American voters care less about the exact steps toward self-rule and more about improving security.
By Howard LaFranchi | Staff writer of The Christian Science Monitor
WASHINGTON – The United States is preparing yet another rejigging of its plan for handing over authority in Iraq, with direct election of a temporary government one possible way out of a deepening crisis.
Another possibility is expansion of the existing, US-named Iraqi Governing Council. Or, it's conceivable that the June 30 handover date, set only last Nov. 15 in a deal worked out between occupation authorities and the IGC, might now slip - although this option seems the least likely for US political reasons.
As the White House modifies plans and backs off some of its more grandiose visions for a post-Saddam Hussein Iraq, what matters most - especially to US voters in this presidential election year - is that Iraq come out of the immediate postwar period stable, nonthreatening, and demonstrably better off, foreign-policy experts say. "It doesn't have to be a Wolfowitzian democracy," says Brookings Institution analyst Michael O'Hanlon, referring to Deputy Defense Secretary Paul Wolfowitz's vision of Iraq as a democratic beacon to the region. "Nor does it have to be an exemplary Keynesian economy.

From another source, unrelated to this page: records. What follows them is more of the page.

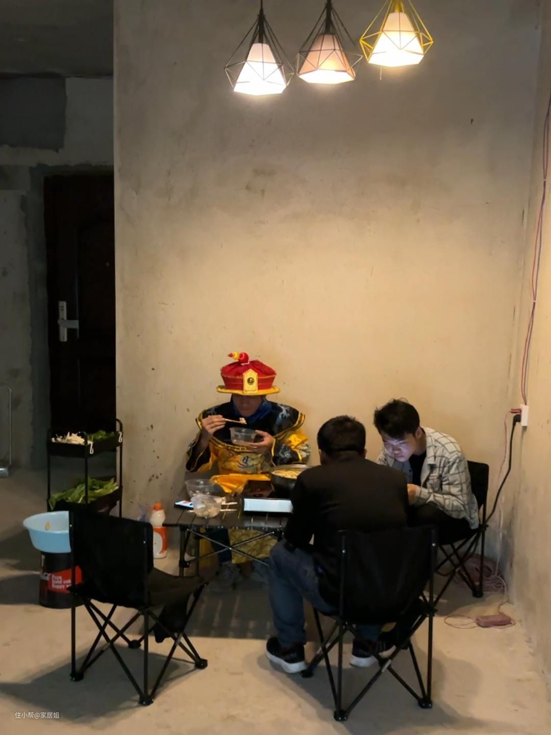 天冷了,还可以叫上几个朋友一起来涮火锅,有网友说,毛坯房入住,也适合我这种穷人,以后要是买房没钱装修,也要学他这样做,能满足三餐四季就行。
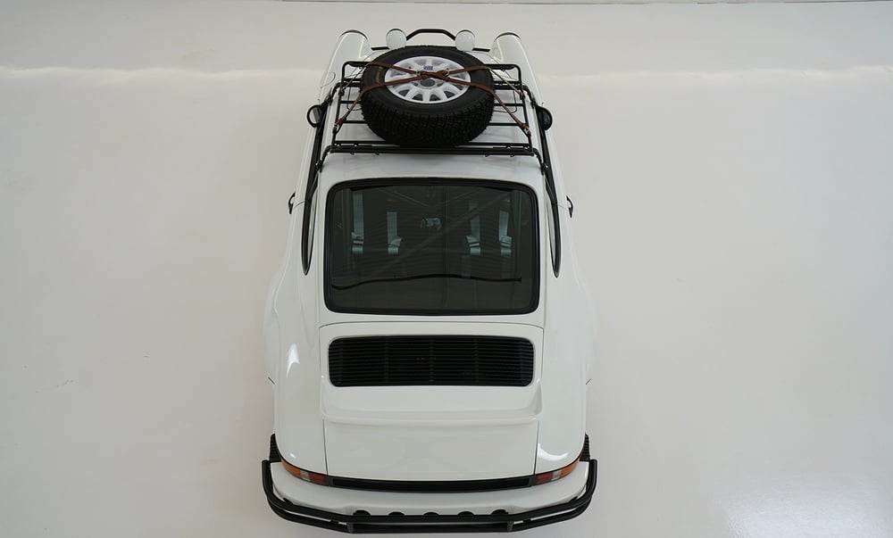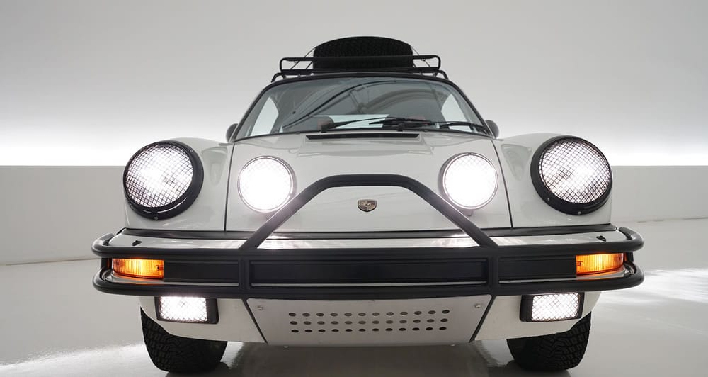 The modified rally-style 911 Carrera is quirky and undeniably interesting, being both a cool off-road vehicle and a great everyday car. Inspired by California’s racing history, specifically desert races, the tuners have equipped the Porsche with off-road lights, skid plates, lifted suspensions and a vintage-hipster-style roof rack with a spare tire secured on with leather straps.
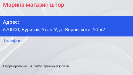 Марина, магазин штор по адресу 670000, Бурятия, Улан-Удэ, Воровского, 50 к2 в дальнейшем Организация, размещена в следующих категориях:
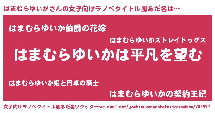 | 男性向けラノベタイトル風あだ名 | 『ダンジョンにはまむらゆいかを求めるのは間違っているだろうか』 |
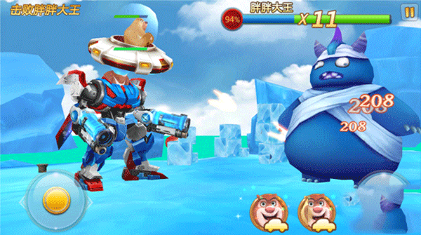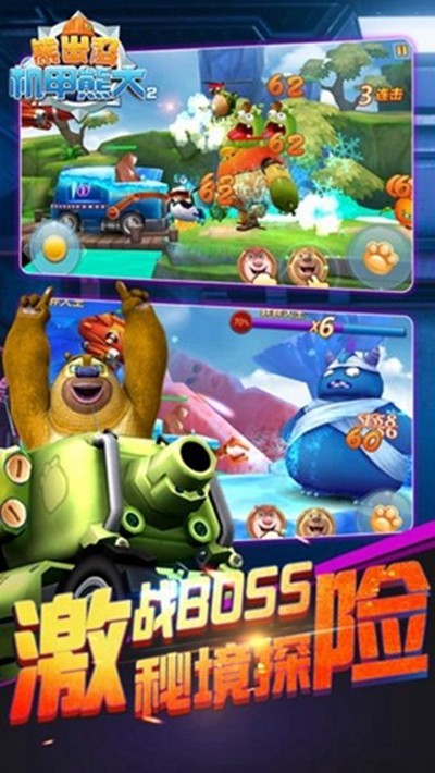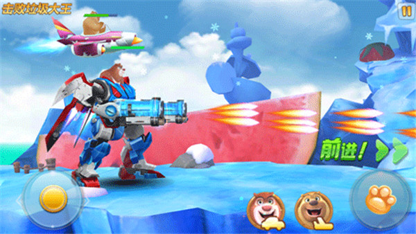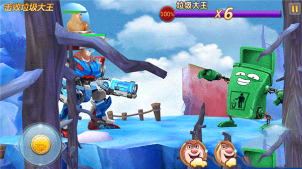 3、正宗机甲元素:游戏主打的就是合体闯关,机甲元素非常正宗,带你体验一个完全不一样的熊出没冒险之旅。
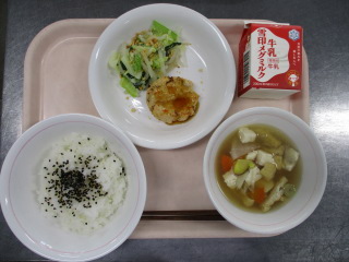 <食材の産地> 小松菜・・・足立区産 玉葱・・・北海道 レンコン・・・茨城県 にんじん・・・北海道 えのき・・・新潟県 小ねぎ・・・静岡県 もやし・・・栃木県 キャベツ・・・群馬県 さつま芋・・・千葉県 ねぎ・・・岩手県 ※牛乳は、茨城県・千葉県・群馬県・栃木県・北海道・山形県・宮城県の原乳を使用しています。 ※現在出荷制限されている食材については、給食に使用していません。
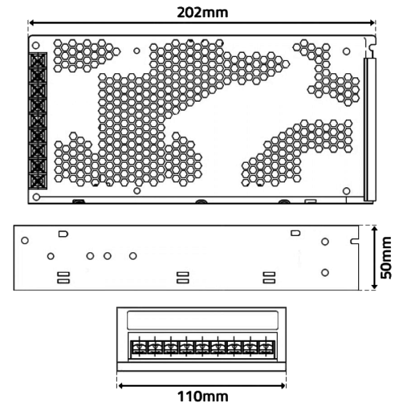 Dimensões (mm): 202 x 110 x 50
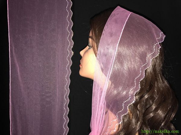 | Розовый легкий фатиновый шарф с наклеенным блестящим узором и вырезанным ободком |
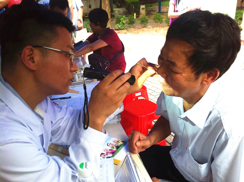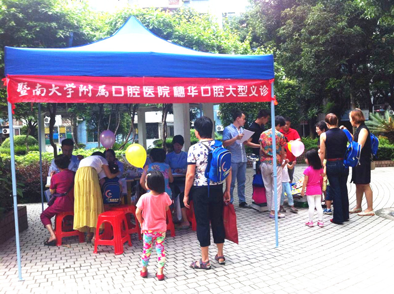 2015年6月4日,暨南大学附属医院穗华口腔的公益医疗队来到天河区林和街道德荣社区,为街坊们提供口腔检查、血压血糖测量等义诊服务。
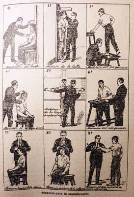 El cuarto gran apartado es Vulgarización científica, en donde resume los grandes hitos de la criminalística de la época; recojo, a modo de ejemplo, la lámina con instrucciones para la correcta manera de tomar medidas a un sospechoso. La última parte del manual se dedica a las Lacras sociales, que estaban, según el autor, en el origen de la delincuencia.
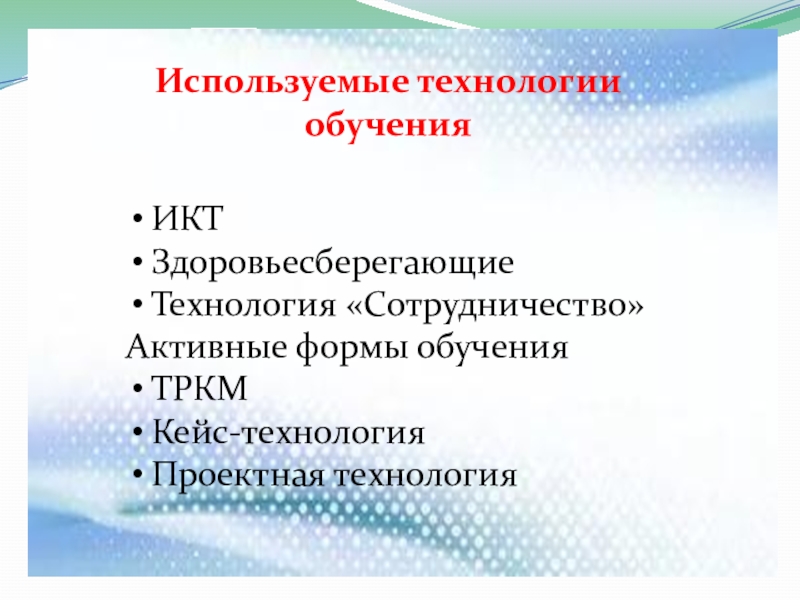 Используемые технологии обучения
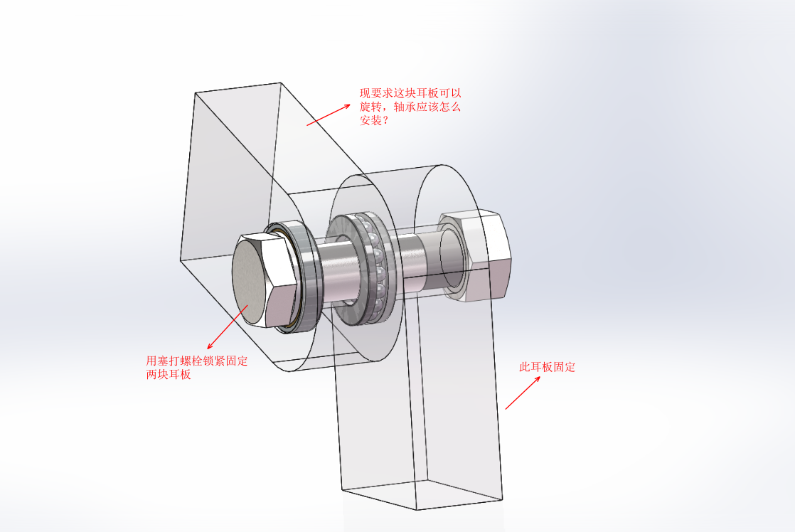 耳板厚度多少?使用中耳板不是轉整圈吧?吊裝用的嗎?承重多少? 軸從左端穿入,軸左端設計成軸肩對左端軸承定位,軸右端穿出固定耳板,用螺母軸向定位。 |
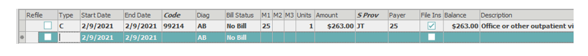 S Prov – Add the Service Provider in the S Prov field. If user preferences are set to default the service provider from the visit, the S Prov will auto-populate as the insurance provider when the transaction is saved.
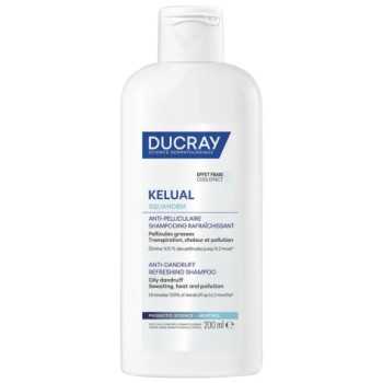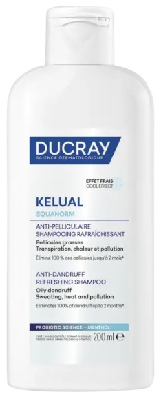 Kelual Squanorm Shampooing Rafraîchissant des laboratoires dermatologiques Ducray nettoie les cheveux et élimine efficacement les pellicules, tout en apportant une sensation de fraîcheur au cuir chevelu pour apaiser les inconforts.
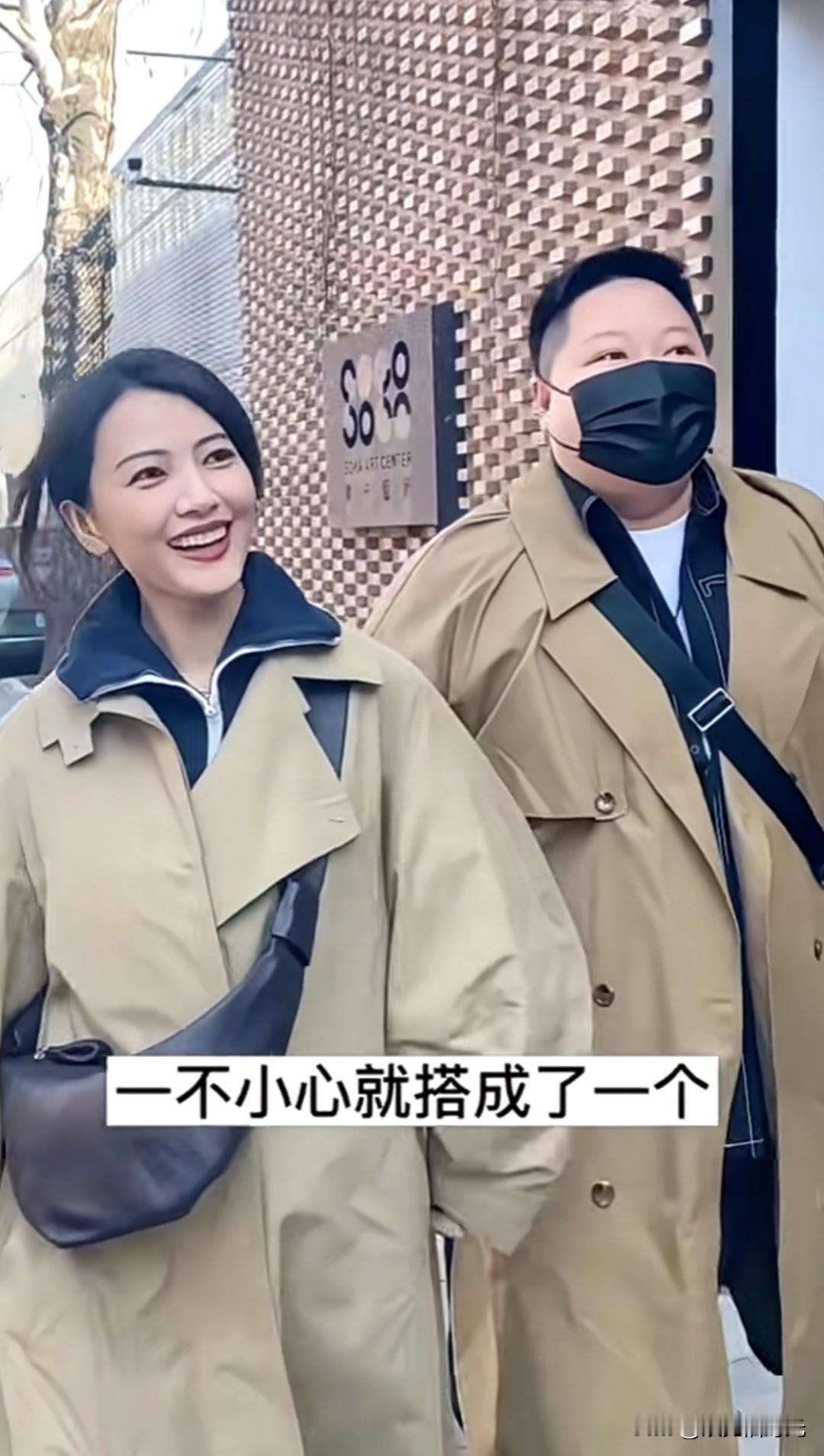 高圆圆出门谈事情,穿了一件卡其色的风衣,结果和同事碰面的时候,意外的两人撞衫了。 她哈哈一笑,顺势摘下了口罩,完全没想到俩人竟然如此默契。 卡其色是很受欢迎的颜色,不限制肤色,不限制年龄,不受性别影响,难免就撞衫了[捂脸]。 有网友扒出她这件风衣是国外某知名品牌,价格在4000元左右,反正我是看不出牌子,就觉得她人美穿什么都好看。
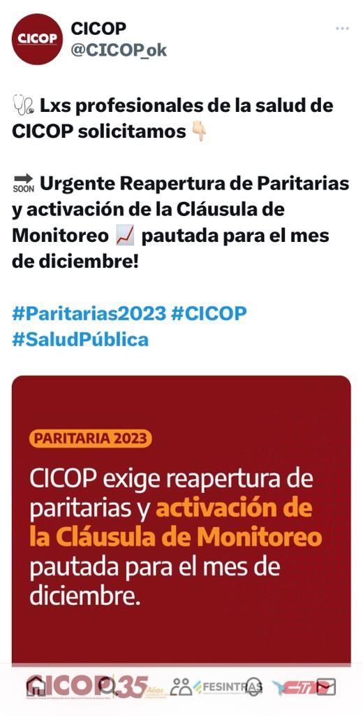 En igual sintonía fueron los pedidos de la Cicop -nuclea a los profesionales de la salud provincial- y de la Asociación Judicial bonaerense que solicitaron activar la "clausula de revisión salarial" y discutir el aumento de haberes del último mes del año para hacer "frente a la escalada de precios y la alta inflación".
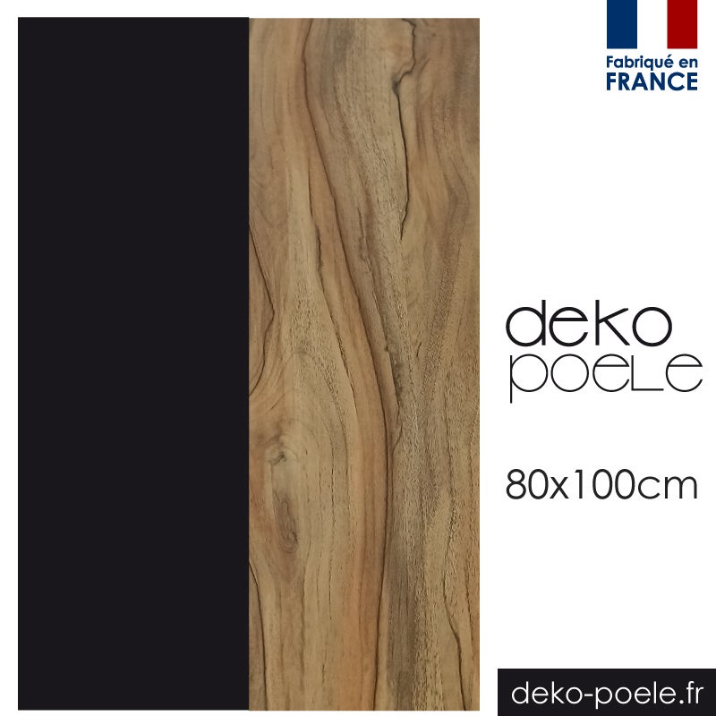 Plaque de protection murale Design Noir + Effet Bois Chêne | Largeur 80 - Hauteur 120cm | deko-poele.fr
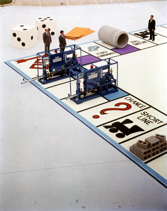 Game Board We painted a Monopoly board on a parking lot for Vapor Energy, a company that makes the machines that steam mould concrete. They placed the machines on the board for a print advertisement. The chance cards are 4 x 8 sheets of masonite painted orange. |
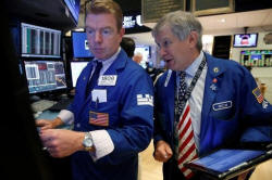 Traders work on the floor of the New York Stock Exchange (NYSE) in
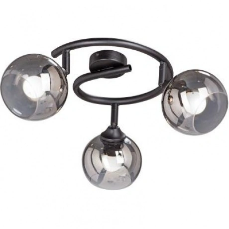 Люстра V4314-1/3PL, 3хЕ27 макс. 60Вт ,количество ламп: 3, максимальная мощность лампы (Вт): 60, цоколь: E27 , лампы в комплекте: нет , площадь освещения, м2:9, цвет основания :черный матовый, тип крепления:планка, Гарантия: 60 месяцев, материал плафонов: стекло , размеры изделия(см):H19 D46
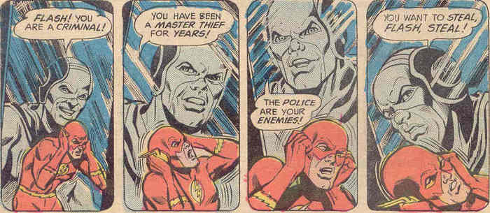 Судя по обложке комикса The Flash #198, Флэш долбанулся. И это так! Устраивая благотворительное представление для детей, Алый Скороход ловит маслину в голову (не смертельно, по касательной прошла) – и деградирует, становясь в душе восьмилетним мальчиком. Подростки, ради которых он выступал, теперь вынуждены охранять его от бандитов, потому что наивный и боязливый восьмилетний мальчик не намерен с ними сражаться. Впрочем, пока дети отмахиваются от бандитов, Барри начинает молиться богу, чтобы тот сделал его Флэшем по-настоящему, ему на голову падает камень (а ведь у Барри с собой не было маски рыжей обезьяны), и Флэш вспоминает, кто он таков, и легко бандитов обезвреживает. Шах и мат, аметисты!
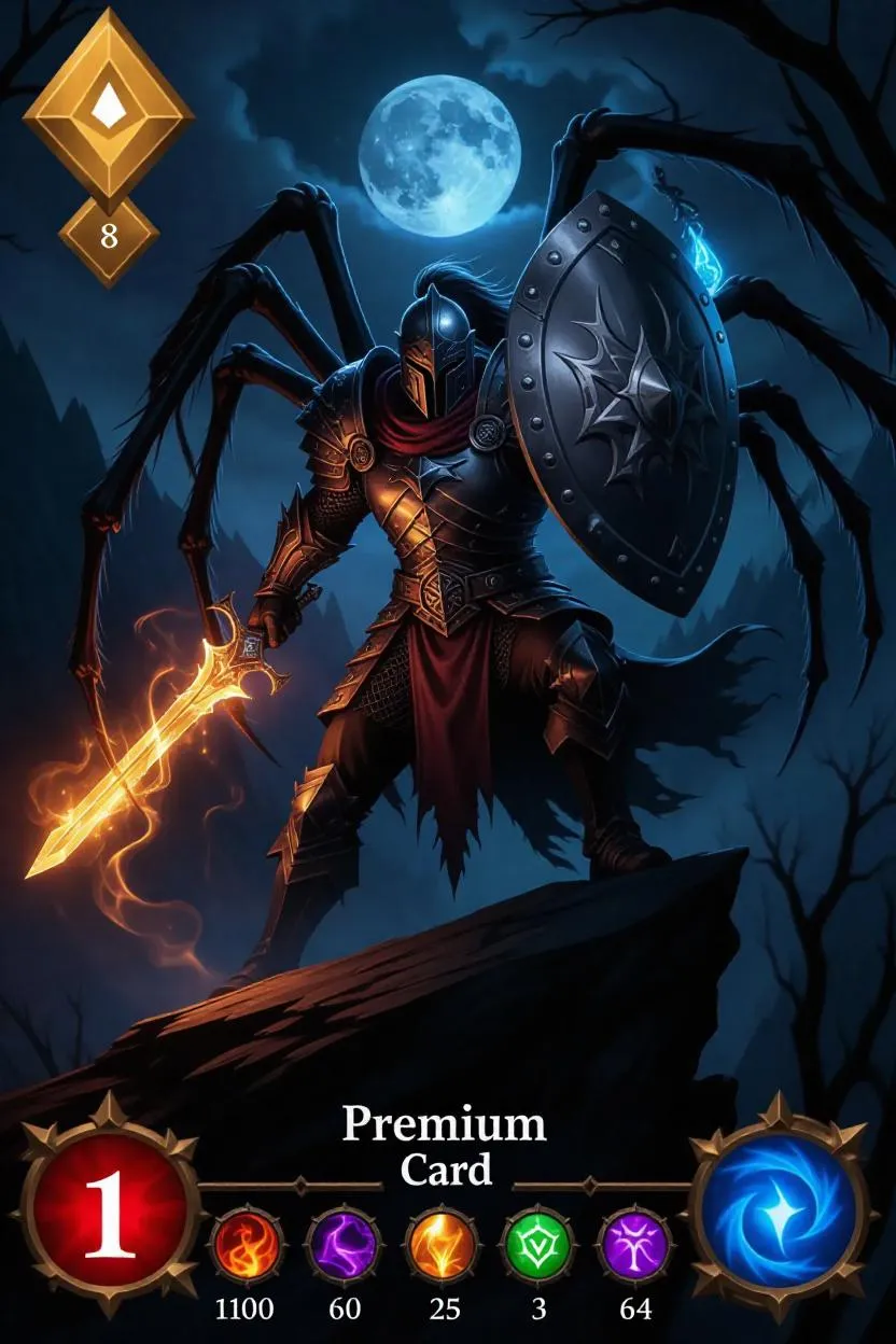 A heroic warrior, battling a giant spider, showcasing a Premium Card Game card in fantasy horror style, with the warrior wielding a glowing sword and shield emblazoned with a silver emblem, standing on a dark, misty mountain peak, surrounded by twisted trees, with a full moon rising behind, casting eerie shadows, rarity symbol shining bright gold at the top, faction symbol a bold, red crest on the warrior's chest, mana cost displayed prominently in the bottom left corner, energy cost pulsating with a blue glow at the bottom right, as fog swirls around the warrior's ankles.

But in the three basic bins of security, politics, and economics," he adds, "there will have to be progress beyond what we're seeing so far for Iraq to be not necessarily a campaign asset, but at least not a vulnerability, for President Bush."
Exactly what is required for the postwar period to be considered a "success" continues to change, especially as the White House shifts the rationale for war - from the original concentration on weapons of mass destruction to the current focus on ridding a key region in the war on terror of a brutal and dangerous dictatorship.